The potential identity implications of Mr. Royal’s sponsorship and students’ appropriations of practices took multiple forms. One form was the new practices students created out of Mr. Royal’s instruction. The focal students saw themselves improving as writers, managing difficult writing tasks so that writing seemed easier, slowing down enough to think through their writing, and possibly writing outside of school for their own purposes. Lily was the student who most clearly articulated a future identity for herself that included a specific practice she learned under Mr. Royal’s sponsorship. In order to become a lawyer, she wanted to develop her abilities with argument writing, and specifically the claim, evidence, and reasoning formula. Olivia saw her future identity as a college student as being partially dependent on
writing, specifically her ability to publish some of her writing before she applied to a college. However, Mr. Royal’s sponsorship did not address publishing, and so her articulation of that goal must have grown out of ideologies she encountered elsewhere.
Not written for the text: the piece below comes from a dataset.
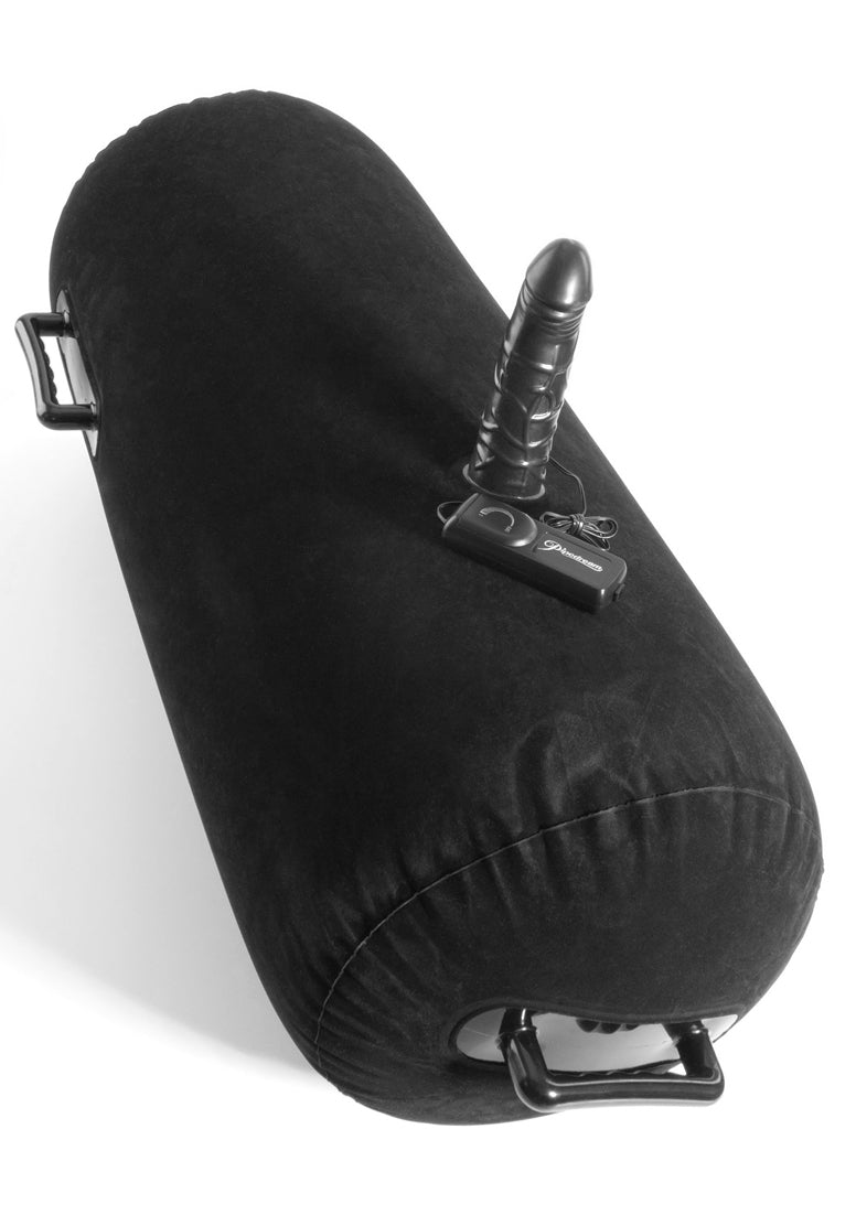 Opblaasbaar, lang zitkussen met geïntegreerde vibrator in duidelijk geaderde penis-look. 3 stevige handgrepen zorgen voor een veilige houvast tijdens het gevarieerde rijplezier. De multispeed vibratie is traploos regelbaar van zacht tot hevig met de bedrade bediening. Het zitkussen heeft een schoonveegbare, huidvriendelijke fluweel-look flocking. (Gelieve batterijen afzonderlijk te bestellen: 2 x AA)

Students’ academic identities may have had some influence on their writing identities as well. I said that Blake, Olivia, and Lily were on Troy’s highest honors list. Hazel and Joel were not. Though Mr. Royal did not indicate that he graded students any differently based on his perception of their general academic abilities, he did specifically single out Hazel and Joel for praise for their accomplishments in memoir writing despite acknowledging that the technical aspects of the writing were not on par with their peers. Hazel had overcome a writing aversion in Mr. Royal’s class and seemed to feel equipped to achieve more academic success as a result. Joel’s modus operandi, in both his and Mr. Royal’s formulation, was hard work. Joel had little to say about his potential academic successes but did see for himself professional uses for writing. As “honors” students, Blake, Olivia, and Lily each saw themselves as clearly bound for college. Interestingly, Blake and Olivia did not particularly seem to like the kinds of writing most valued in post-secondary academic economies: argument writing. However, perhaps their status as generally academically successful, and their abilities with producing writing in the manner requested of them by school even without personal commitment to that kind of writing, shielded them from intervention meant to increase their “buy in” to that practice.